XECHAP-AM

Chapingo, State of Mexico; Mexico;
- Frequency: 1130 AM
- Branding: Radio Chapingo

Programming
- Format: University radio

Ownership
- Owner: Chapingo Autonomous University

History
- First air date: 1997
- Former call signs: XEUACH-AM (1997–2018)
- Former frequencies: 1610 kHz (1997–2018)
- Call sign meaning: CHAPingo

Technical information
- Class: B
- Power: 2 kW day 60 watts night
- Transmitter coordinates: 19°29′44.6″N 98°53′36.3″W﻿ / ﻿19.495722°N 98.893417°W

Links
- Webcast: Listen live
- Website: radio.chapingo.mx

= XECHAP-AM =

Radio station at the Universidad Autónoma Chapingo

XECHAP-AM is a radio station in Chapingo, State of Mexico, Mexico and is the radio station of the Chapingo Autonomous University. It broadcasts on 1130 AM from studios on the university campus.

==History==
The first radio station associated with the university broadcast unofficially in the 1930s, when it was the National School of Agriculture (ENA); another, "Radio 6.6 Chapinguito", broadcast from the university in the 1950s under the auspices of professor Hebert del Valle. More broadcasting efforts were discussed in the late 1970s and 1980s, but it would not be until 1989 that a group acquired a 30-watt transmitter and started the modern Radio Chapingo. The station, known then unofficially as "XEUACH", was followed next year by the first proposal for a regional radio station with coverage beyond the university campus, but lack of space posed difficulties for the project. In August 1994, a tower was put into service, and the station went on the air again. With an official permit issued for XEUACH-AM in February 1997, the station on 1610 kHz became Mexico's first AM expanded band station. In 2000, it raised its power to 250 watts, changing to 5,000 watts in 2007.

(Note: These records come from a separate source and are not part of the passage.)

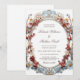 Celebrate your special day with this exquisite wedding invitation featuring a sophisticated Victorian-style oval frame. The design showcases intricate blue and gold scrollwork intertwined with a lush arrangement of delicate 3D-effect flowers in shades of dusty rose, soft peach, and muted blue. Perfectly suited for vintage-inspired, garden, or formal estate weddings, this invitation combines classic elegance with a touch of botanical artistry. All text elements can be easily customized to fit your specific ceremony details. Bride and room names only in an elegant calligraphic classic script.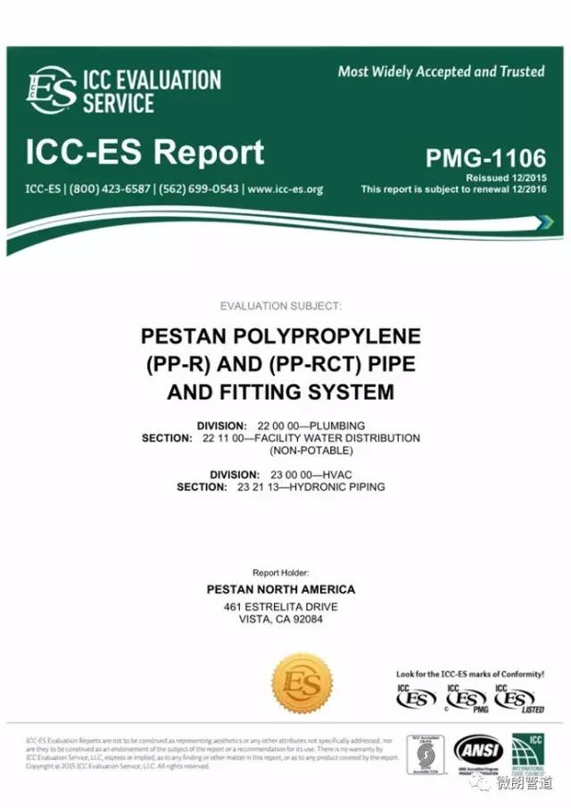 如果說(shuō)擁有"ISO認(rèn)證“以及”DVGW認(rèn)證”已經(jīng)是一家合格的德國(guó)管路企業(yè)了,那么擁有”美國(guó)ICC-ES”認(rèn)證可謂是含金量十足的加分項(xiàng),ICC-ES是美國(guó)國(guó)際法規(guī)委員會(huì)評(píng)估服務(wù)的簡(jiǎn)稱(chēng),是一個(gè)專(zhuān)注于建筑安全的非營(yíng)利機(jī)構(gòu),ICC-ES的評(píng)估歷史已經(jīng)超過(guò)了70年。目前主要針對(duì)于建筑產(chǎn)品,建筑組件,建筑方法和建筑材料的評(píng)估。目前全球有超過(guò)50,000的組織成員。該認(rèn)證可適用于美國(guó)全境,并且在美國(guó)建筑行業(yè)認(rèn)可度極高,眾所周知美國(guó)本土是沒(méi)有管道生產(chǎn)商的,其供應(yīng)全部依賴(lài)進(jìn)口,然而想要進(jìn)入美國(guó)市場(chǎng)必然要經(jīng)過(guò)其嚴(yán)苛的質(zhì)量審查,在歐洲只有兩家管道企業(yè)通過(guò)了其審查,德國(guó)微朗就名列其中,并且微朗也擁有著含金量頗高的ICC-ES認(rèn)證。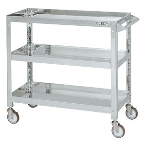 【商品説明】●「支柱突き合わせ方式」により、ぐらつきが無く非常に堅牢です。SUS430製ですのでサビや汚れに強いワゴンです。棚板はすべて皿型・フラット型に組み替えが可能です。●ナイロンウレタン車を使用していますので、耐油性、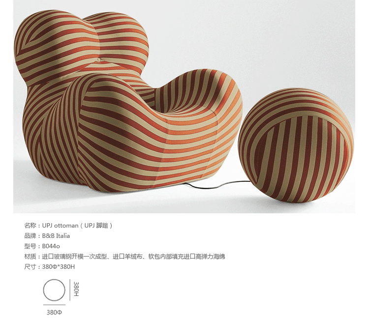1969 年,意大利家居品牌 B&B Italia 发布了由世界著名设计师 Gaetano Pesce 设计的一系列包括7个单品聚氨酯泡沫椅子,其中就有日后在国际上大受好评的 UP5 。UP5 是一张扶手椅,它独特的结构和仿生设计灵感来源于女性的曲线,工艺上面的创新,和对当时社会对女性的性别歧视所作出的微妙诙谐的抨击,使它称为一件别具一格的作品,并被认为是意大利设计的经典作品之一。2014年, UP 系列椅子迎来了一个新的款式: UPJ ,「 J 」代表「 Junior 」,意即少年。可想而知, UPJ 是专门针对儿童的一款扶手椅, 不过,如果你以为有什么大的变革那就大错特错咯。其实,UPJ 和早期的 UP5 在造型上并没有什么变化,只不过缩小了尺寸。但是,当你看到可爱的小朋友和小伙伴们在一起愉快的玩耍和一些温馨的亲子互动后,也许你又会想,这又有何不可呢?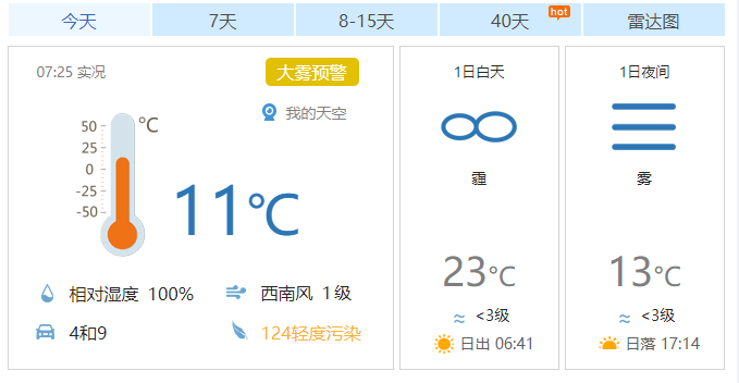 今天早晨有雾,白天晴间多云,有中度霾,北转南风二三级,最高气温23℃;夜间晴转多云,有轻雾或雾,南转北风一二级,最低气温13℃。

In 2014, Radio Chapingo filed for its permit renewal two days late, prompting the loss of the station's permit; however, radio service continued. On January 25, 2017, the Federal Telecommunications Institute approved the award of a new public concession to the university for XECHAP-AM 1130. The new dial position was made available in the area when XETOL-AM in Toluca migrated to FM.

On September 7, 2018, XEUACH at 1610 went silent in order to begin the move to 1130. The new station broadcasts with 2,000 watts, less than before, but with increased population coverage compared to 1610. The 1610 frequency was formally surrendered in a letter sent by the university to the IFT on November 12, 2018.